# GT: Game 73 - Clippers vs. Nuggets 4/4



## Weasel (Oct 18, 2003)

<center>







vs.









Tues Apr 4
7:30 pm
TV: FSN, NBALP
</center>


----------



## Weasel (Oct 18, 2003)

Whatever the Clippers did the last 2 times they played the Nuggets seemed to work very well, I hope they use that tactic for success again. It goes without saying every game now is big.


----------



## cadarn (Feb 1, 2006)

I've got a feeling that playoff contention will go down to the wire. Must win! :banana: :banana: :banana:


----------



## clips_r_teh_wieners (Nov 4, 2005)

k im disliking the clippers website right about now. this time i see three different channels to see this game. in the scores/schedule list, it says fsn, good news. but on the main page, where they have today's game and the next game, it shows the game wont be on any channels except nbalp. then on the bottom in the clippers calendar, it says the game will be on fsn prime ticket, which sucks cuz its just fsn2 and i wont be able to watch it.
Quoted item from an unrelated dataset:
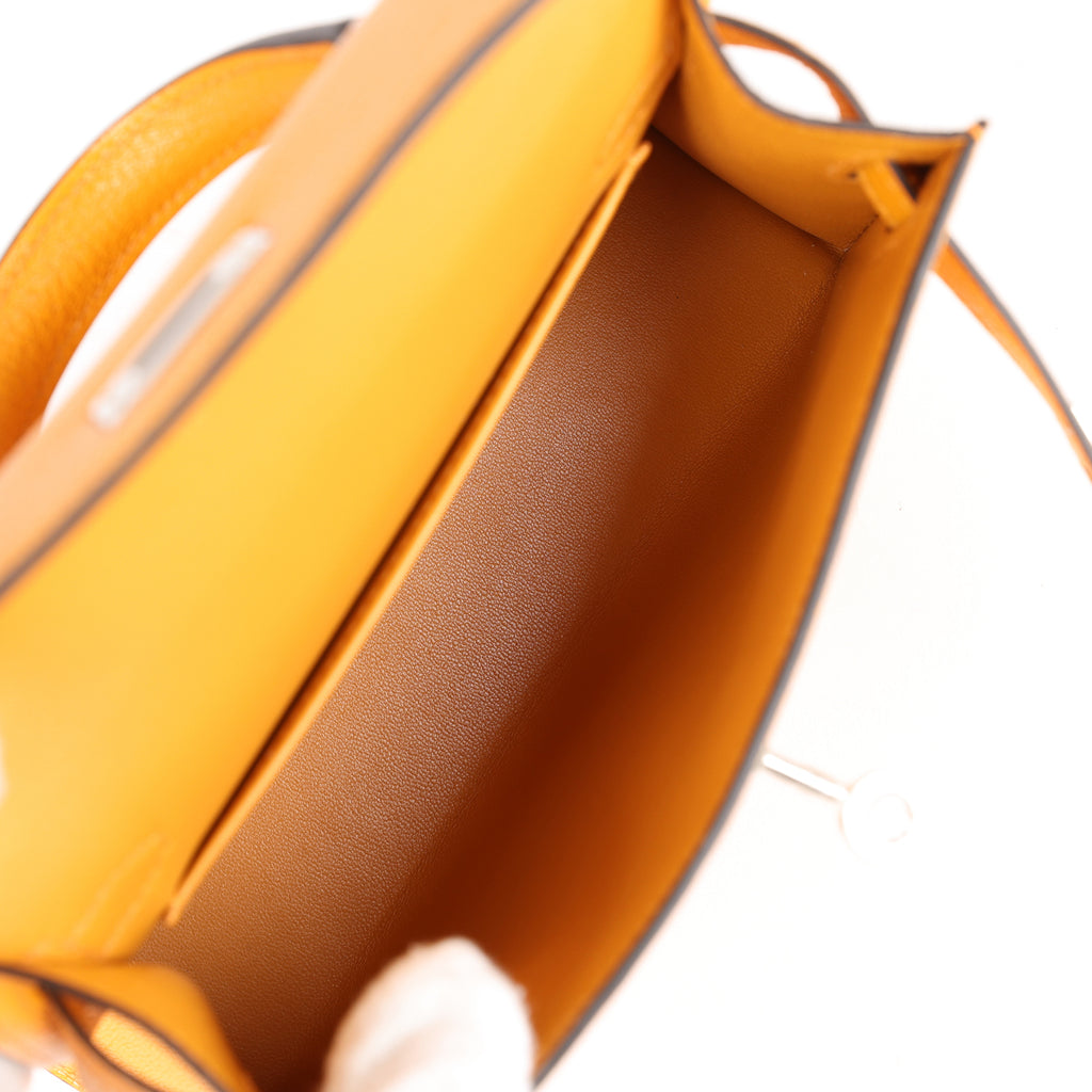 This Kelly, is in Moutarde chevre leather with palladium hardware, has tonal stitching, two straps with front toggle closure, single rolled handle and removable shoulder strap.The interior is lined with Moutarde lambskin leather and has one open pocket on the back wall.Collection: B (2023)Origin: FranceCondition: New and never worn (plastic on hardware) Accompanied by: Hermes box (pre-owned), Hermes dustbag, shoulder strap, shoulder strap dustbag, feltMeasurements: 7.5″ width x 4.5″ height x 2.2″ depth; 2.5″ handle drop (18″ shoulder strap drop)
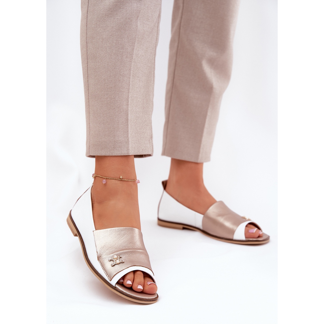 Zazoo Kožne elegantne balerine s golim prstima Zazoo 1865 bijelo i zlato bijela

someone confirm something for me plz


----------



## jcwla (Jul 3, 2005)

It's on FSN West.


----------



## cadarn (Feb 1, 2006)

It's actually on prime ticket (fsnw2)


----------



## Number2 (Feb 7, 2006)

Im going to the game tonite... I have 2 extra tickets.. for $140 each.. (total of $280)
Sec 102, Row 13, seats 9 & 10.. 

** SOLD... Thanks for looking !!

GO CLIPPERS !!!!!


----------



## Weasel (Oct 18, 2003)

Damn, one of the more bigger games of the season and I will miss it completely. Go Clippers!


----------



## clips_r_teh_wieners (Nov 4, 2005)

stupid prime ticket. the game was originally supposed to be on fsn west, but this useless **** was created and is pretty much the exact same thing as fsn west 2. this alteration gives fsn another excuse to not show clipper games on fsn west. u ppl who get both channels should be grateful and appreciative that u can watch most of the clip games. weak ****


----------



## cadarn (Feb 1, 2006)

Denver is hot, making everything right now. Shooting 9-9.
Clips on the other hand with a couple of horrible shots from mobley and cassell

23-9 Denver


----------



## M-Blade (Oct 19, 2005)

Clips have no defense against the 3...

All I can say is thank God the Dodgers game is on as an alternative.


----------



## cadarn (Feb 1, 2006)

M-Blade said:


> Clips have no defense against the 3...
> 
> All I can say is thank God the Dodgers game is on as an alternative.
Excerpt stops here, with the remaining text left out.